Depressionen/Selbstmordgedanken und -handlungen

Sind vorhanden bei den folgenden typischen Gefühlen und Symptomen:

  • Nichts geht mehr, nichts erfreut mich
  • alles , was ich bisher geleistet habe, ist  nicht gut
  • ich kann nicht mehr einschlafen, nicht durchschlafen, nur noch schlafen
  • ich kann mich zu nichts mehr aufraffen, ich schminke mich nicht, ich reduziere die tägliche Körperpflege bzw. gebe sie vollkommen auf
  • ich schaffe es nicht, aufzustehen, in die Schule zu gehen
  • ich kann niemanden anrufen und/oder um Hilfe fragen
  • ich kann mich nicht mehr konzentrieren
  • ich habe keinen Hunger mehr, nichts schmeckt mir gut
  • ich sehe keinen Sinn mehr in meinem Leben
  • ich will (so) nicht mehr leben

Wir wollen Ihrem Kind bzw. Jugendlichen zeitnah Gelegenheit geben, einen Raum für das Aussprechen eigener Gefühle zu erhalten und auch nach eigenen Möglichkeiten und Ressourcen suchen, um diese zu entwickeln. Die Unterstützung bei der Strukturierung des Alltages durch einen Aktivitätenplan und begleitete  Tätigkeiten sind  neben den Gesprächen häufig ein sinnvoller Schritt. Über das Erleben eigener Aktivitäten kann die Erfahrung vermittelt werden, das Leben wieder in die Hand  nehmen zu können.  Mittun statt Mitleid stehen hier im Vordergrund. Hierbei wollen wir Sie auch als Eltern unterstützen.

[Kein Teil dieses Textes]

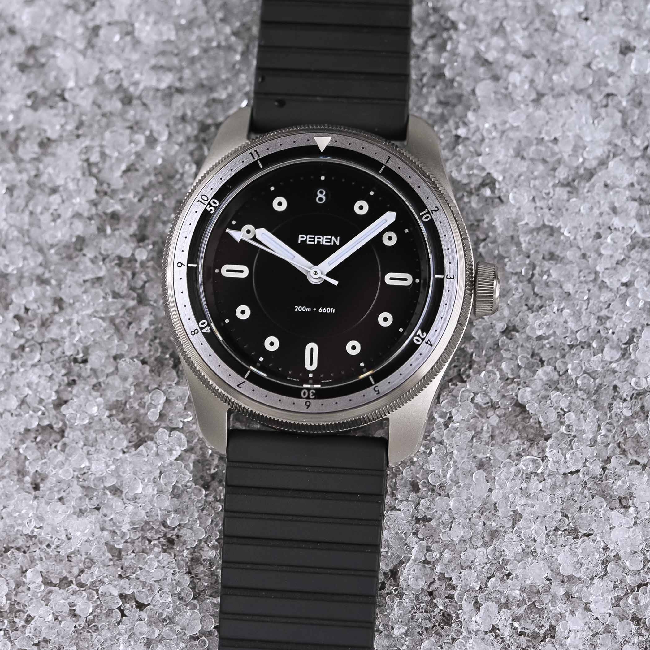 There are two different versions of this watch, the standard Peren Regia and Regia X, separated by their aluminum bezel inserts. The Regia has a two-tone (black and white) 60-minute scale that’s functional yet simple with no Arabic numerals. The Regia X, which is illustrating this article, has two scales with more detail – an outer silver 12-hour scale and inner black 60-minute scale. This allows for a 12-hour GMT function. Both bezels have 12 o’clock markers with Super-LumiNova. A flat AR sapphire crystal protects the dial and each edition is limited to 300 pieces, again numbered on the case back. The watch comes standard with a comfortable 20mm black FKM vulcanized rubber strap, but a black fabric strap or a stainless steel bracelet are available at the time of order.

Es kann sinnvoll sein, auch eine Medikation einzunehmen, die stabilisiert, ohne den Antrieb zu dämpfen, um den Lebensaufgaben (Schule, Ausbildung) nachzukommen und den Anschluss nicht zu verlieren. In Einzelfällen muss aufgrund der Eigengefährdung eine sofortige stationäre Behandlung in der  Kinder- und Jugendpsychiatrie erfolgen, um die Grundlage des Lebens aufrechtzuerhalten. Gerne nehmen wir im Anschluss in Absprache mit den Kollegen in der Klinik die Behandlung ambulant wieder auf.